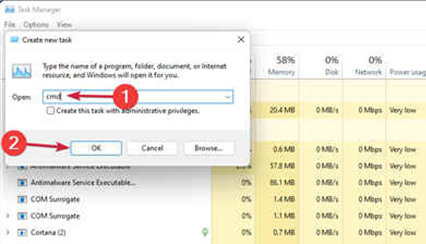 4、输入cmd并按回车或单击OK。
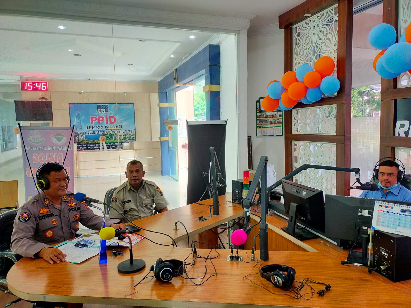 Kegiatan Dialog Interaktif Polda Sumatera Utara yang bekerjasama dengan RRI Medan pada Rabu, 14 September 2022, sekitar pukul 15.00-16.00 WIB, kali ini diisi oleh Humas Polda Sumatera Utara melalui Subbid Penmas Bid. Humas, dengan petugas pelaksana yakni, AKBP Dr Herwansyah Putra SH,. M Si, Jamaluddin S.Sos dan Aiptu Widodo dengan topik “Perkembangan Kamtibmas di wilayah hukum Polda Sumatera Utara,” di Lintas Medan Sore dengan Chanel FM 94,3 Pro 1, RRI Medan, Jalan Gatot Subroto No. 214 Medan, dan sebagai host Ziad Zidane.
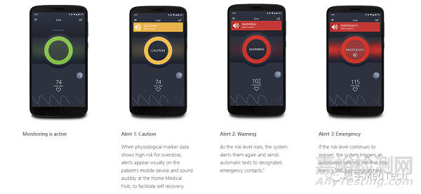 邁心諾醫(yī)療所開發(fā)的Masimo Opioid Halo使用先進(jìn)的模式識(shí)別算法來實(shí)時(shí)檢測(cè)和量化阿片類藥物引起的呼吸抑制的風(fēng)險(xiǎn)。它與分布式架構(gòu)相結(jié)合,可以發(fā)送警報(bào)給患者及其家人、朋友和護(hù)理人員。當(dāng)Opioid Halo認(rèn)定患者已經(jīng)服用過量阿片類藥物且可能需要幫助時(shí),將自動(dòng)觸發(fā)可能導(dǎo)致派遣EMS(Emergency Medical Services,緊急醫(yī)療服務(wù))的自動(dòng)健康呼叫。
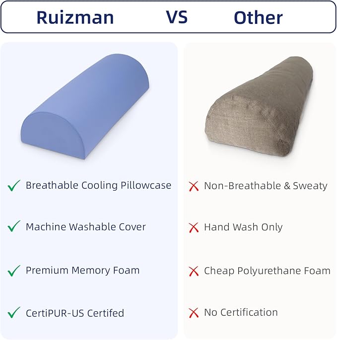 - 【High-density Memory Foam】 Our memory foam bed bolster pillow is OEKO-TEX certified, it won't go flat over time and provides optimal support and spinal alignment. It can be used as a leg bolster and under knee pillow for sleeping, enhancing your comfort and the overall sleep experience.

DIRECTIONS => Start at the first line and set down all of the data exactly, passing over the pictures.

ANSWER TO THE EXERCISE =>
 4、输入cmd并按回车或单击OK。
 Kegiatan Dialog Interaktif Polda Sumatera Utara yang bekerjasama dengan RRI Medan pada Rabu, 14 September 2022, sekitar pukul 15.00-16.00 WIB, kali ini diisi oleh Humas Polda Sumatera Utara melalui Subbid Penmas Bid. Humas, dengan petugas pelaksana yakni, AKBP Dr Herwansyah Putra SH,. M Si, Jamaluddin S.Sos dan Aiptu Widodo dengan topik “Perkembangan Kamtibmas di wilayah hukum Polda Sumatera Utara,” di Lintas Medan Sore dengan Chanel FM 94,3 Pro 1, RRI Medan, Jalan Gatot Subroto No. 214 Medan, dan sebagai host Ziad Zidane.
 邁心諾醫(yī)療所開發(fā)的Masimo Opioid Halo使用先進(jìn)的模式識(shí)別算法來實(shí)時(shí)檢測(cè)和量化阿片類藥物引起的呼吸抑制的風(fēng)險(xiǎn)。它與分布式架構(gòu)相結(jié)合,可以發(fā)送警報(bào)給患者及其家人、朋友和護(hù)理人員。當(dāng)Opioid Halo認(rèn)定患者已經(jīng)服用過量阿片類藥物且可能需要幫助時(shí),將自動(dòng)觸發(fā)可能導(dǎo)致派遣EMS(Emergency Medical Services,緊急醫(yī)療服務(wù))的自動(dòng)健康呼叫。
 - 【High-density Memory Foam】 Our memory foam bed bolster pillow is OEKO-TEX certified, it won't go flat over time and provides optimal support and spinal alignment. It can be used as a leg bolster and under knee pillow for sleeping, enhancing your comfort and the overall sleep experience.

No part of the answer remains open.